Well day 11 on Vyvanse and I can definitely see a difference.
The first indicator was that I t decided to try the day without meds. First I dilly dallied around and eventually found myself staring at the shelf in my closet getting distracted by all the colours and had a hard time picking a t-shirt. Couldn’t believe it ! So promptly went to take my pill!
I was able to stay on track despite my day being pretty well derailed due to a car problem. And turns most of the pain of the uti was a result of major PMS ( 2 weeks early) so am feeling much better today. I drank loads of cranberry juice and water yesterday and mostly vegged on the couch, so hoping this will maybe go away on its own.

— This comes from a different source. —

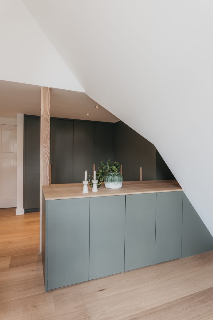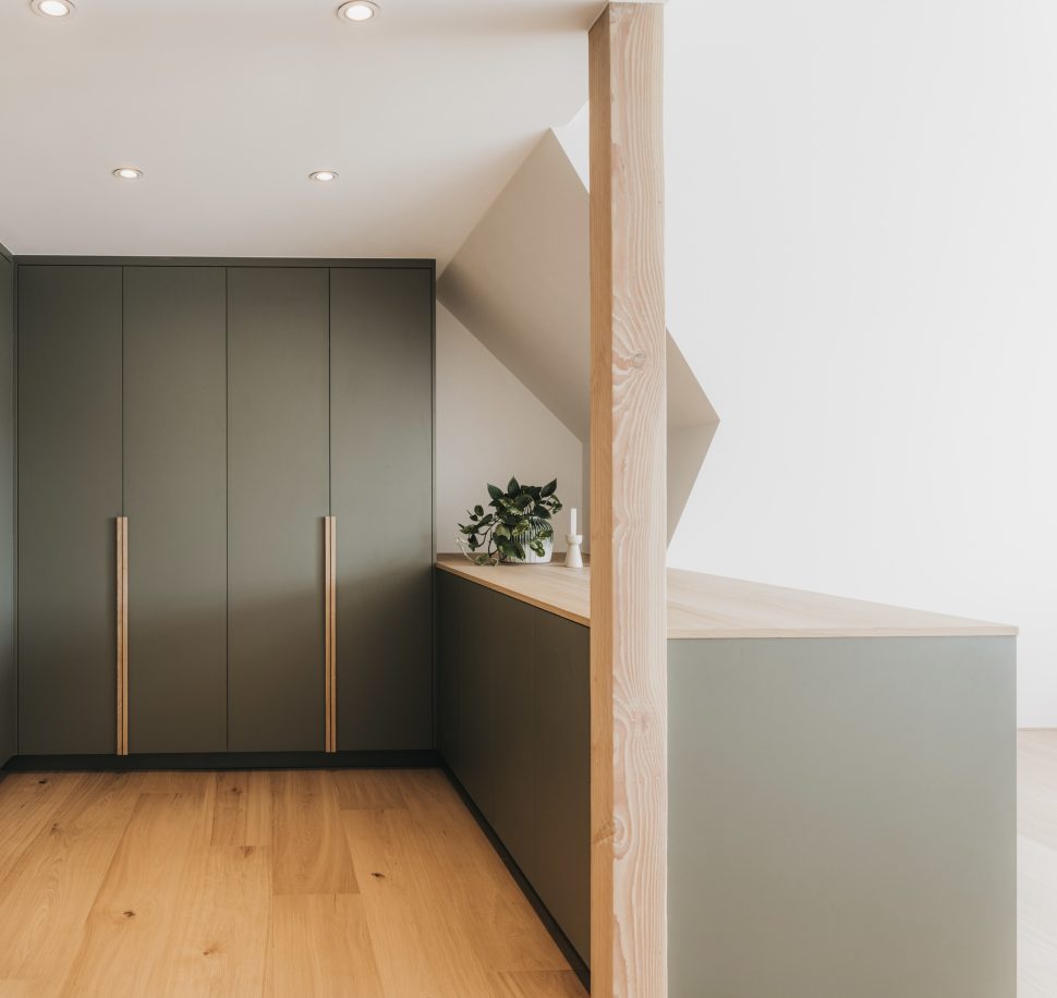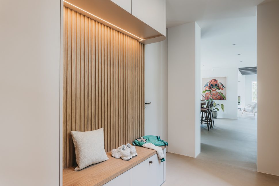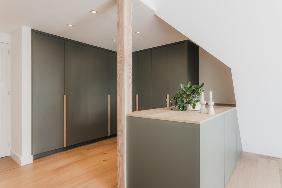 Deze op maat gemaakte kasten bieden een perfecte combinatie van stijl en functionaliteit in de hal en slaapkamer. Elke kast is ontworpen om naadloos aan te sluiten bij de ruimte en het interieur, met slimme opbergoplossingen voor jassen, kleding, schoenen en accessoires. Door gebruik te maken van hoogwaardige materialen en verfijnde afwerkingen, ontstaat een elegant en samenhangend geheel dat zowel praktisch als uitnodigend is. Zo wordt de hal niet alleen een functionele doorgang, maar ook een mooie en georganiseerde entree die direct een goede indruk maakt.

Only now ironically it looks like my cat has a uti and I was supposed to take her to the kennel tomorrow because we’re going away, so instead of going to the clinic for myself guess I have to work in a trip to the vet into my schedule instead! Now normally I would be stressing at the thought of all this but instead I’m feeling pretty calm and just visualizing what I have to do. Actually got my suitcase packed today as well without too much of a hassle. Packing normally involved lots of lists and this time did it with a minimum of pre-packing project planning. Although, logically I shouldn’t really be so laid back since I have a nice long list of stuff I procrastinated on that I now have to do in the morning!